When an RSS item has no title node the aggregator module uses the description to provide one. It does this by taking the first 40 chars of the description and truncating that to a whole word boundary.

BUG:
However if the description is less than 40 characters in size the code used will always strip the last word from the title! This causes feeds like the audioscrobbler feed to display incomplete stuff!

FIX:
The code responsible is in aggregator.module, in the function aggregator_parse_feed. The line

      $title = preg_replace('/^(.*)[^\w;&].*?$/', "\\1", truncate_utf8($item['DESCRIPTION'], 40));

should be replaced with

      $title = preg_replace('/^(.*)[^\w;&].*?$/', "\\1", truncate_utf8($item['DESCRIPTION'] . ' ', 40));
CommentFileSizeAuthor
#3 aggregator_truncate.patch719 bytescburschka

Comments

magico’s picture

Version: 4.6.3 » 4.6.9
magico’s picture

Title: aggregator: Title truncation from description always removes last word » Title truncation from description always removes last word
Version: 4.6.9 » x.y.z
Status: Needs review » Active

Let's suppose that the description is "one three five seven nine eleven thirteen fithteen" when we do the truncate to 40 the result would be "one three five seven nine eleven thirtee", but it really is "one three five seven nine eleven".

I think that this is the expected behaviour, to avoid truncated titles with partial words.

I'm just confirming this.

cburschka’s picture

Version: x.y.z » 5.x-dev
StatusFileSize
new719 bytes

That's intended, but it's not what the reporter was complaining about as far as I understand it.

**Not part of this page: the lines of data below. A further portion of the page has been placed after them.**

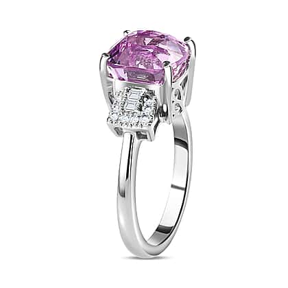 - Lavish solitaire ring studded with AAAA Patroke Kunzite Cushion, diamond accents.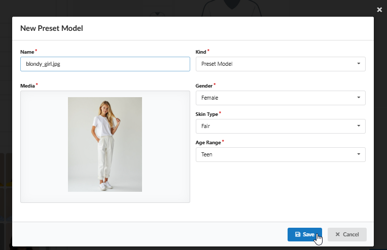 3.2. Select and upload your image file (must bejpeg,png,webp; max size 10 MB).Select the relevant metadata from the dropdown fields (Gender, Skin Tone, Age Range) if the Kind is Preset Model.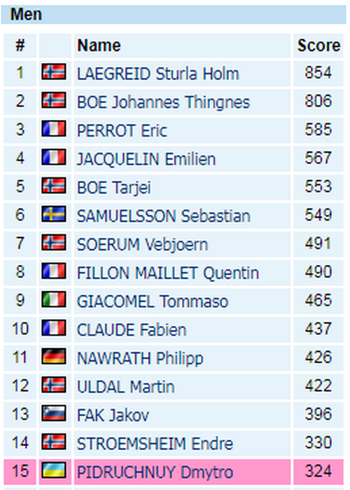 Блискучу функціональну підготовку продемонстрував Дмитро Підручний. Пішовши на трасу прямо перед групою головних фаворитів, він ідеально відстрілявся на лежці, а ось на стійці припустився одного промаху. І, незважаючи на це, очолив проміжний протокол, випередивши 35 спортсменів, які стартували перед ним. З решти біатлоністів обійти його після другої стрільби змогли лише п’ятеро. Але Бьо-молодший провалив фінальне коло, тож Підручний фінішував 5-м з відставанням у 22 секунди від Бьо-старшого. Штрафне коло чоловіки проходять за 22-23 секунди, тож нескладно вирахувати, що за умови чистої стрільби Підручний точно претендував би на перемогу у гонці. Ще одним приємним моментом стало розгортання Дмитром разом із норвежцем Улдалем українського прапору під час квіткової церемонії.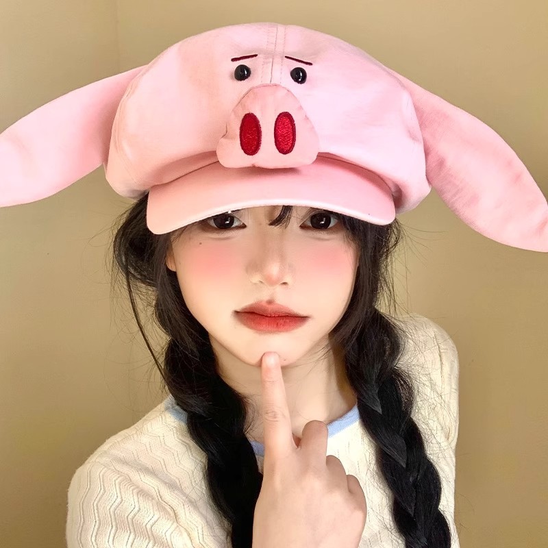 ネザ周辺太一飛天豚ピンク八角形帽子女性のための春と夏の 2025 新しいかわいい面白い画家の帽子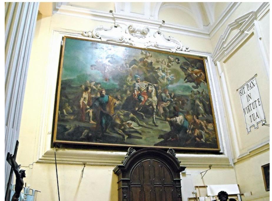 Entrambi giganteschi si fronteggiano e sono opera dello stesso pittore proveniente dalla scuola di Solimena .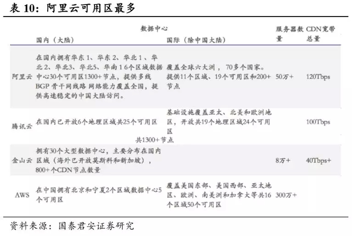 从基础设施来看,在国内,阿里云拥有 6 个区域数据中心30个可用区,服务器50余万台,带宽120Tbps,远超同行业主要竞争者。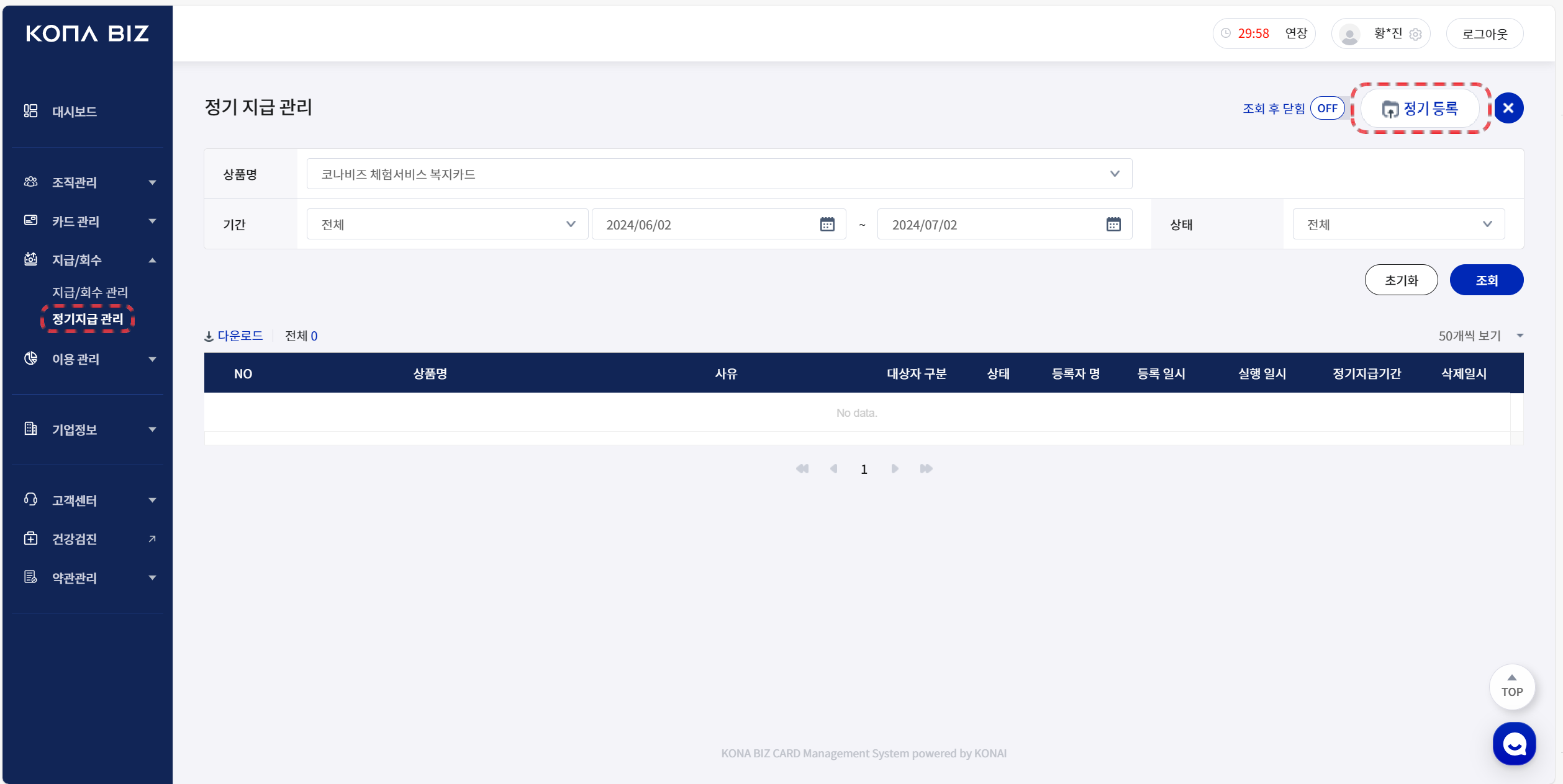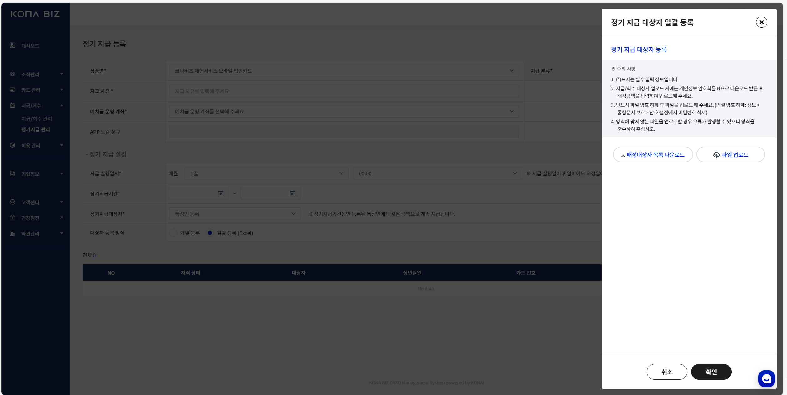 관리자페이지 > 지급/회수 > 정기지급 관리 ‘정기 등록’

The issue was about shorter descriptions also losing their last word, even though they're already under 40 characters. This is because the regex simply assumes that the last word is a fragment.

The proposed change appends a space to the description. If the description is longer than 40, this makes no difference; if it is shorter it will cause the regex to avoid removing the last word.

The proposed change still misses these cases: A description that is exactly 40 characters (or where the 40th character is the last letter of a complete word) still gets truncated. Increasing the arbitrary truncation length to 41 sounds like it only shifts the problem by one character, but it actually fixes the behavior of the function so that it works as documented: If it is documented as "using the first 40 characters including only the last whole word", then it needs to truncate to 41 (not 40) and then remove the last word in the string.

Example:

0000000001111111111222222222233333333334 (10x)
1234567890123456789012345678901234567890 ( 1x)

This input is the same in both:
one three five seven nine eleven thirteen fifteen (input)
one three five seven nine eleven thirtee (characters)
one three five seven nine eleven (words)

This is shorter than 40 and truncated needlessly unless a space is appended:
one three five seven nine eleven (input)
one three five seven nine eleven (characters, incorrect)
one three five seven nine (words, incorrect)
one three five seven nine eleven_ (characters, correct, _ represents space)
one three five seven nine eleven (words, correct)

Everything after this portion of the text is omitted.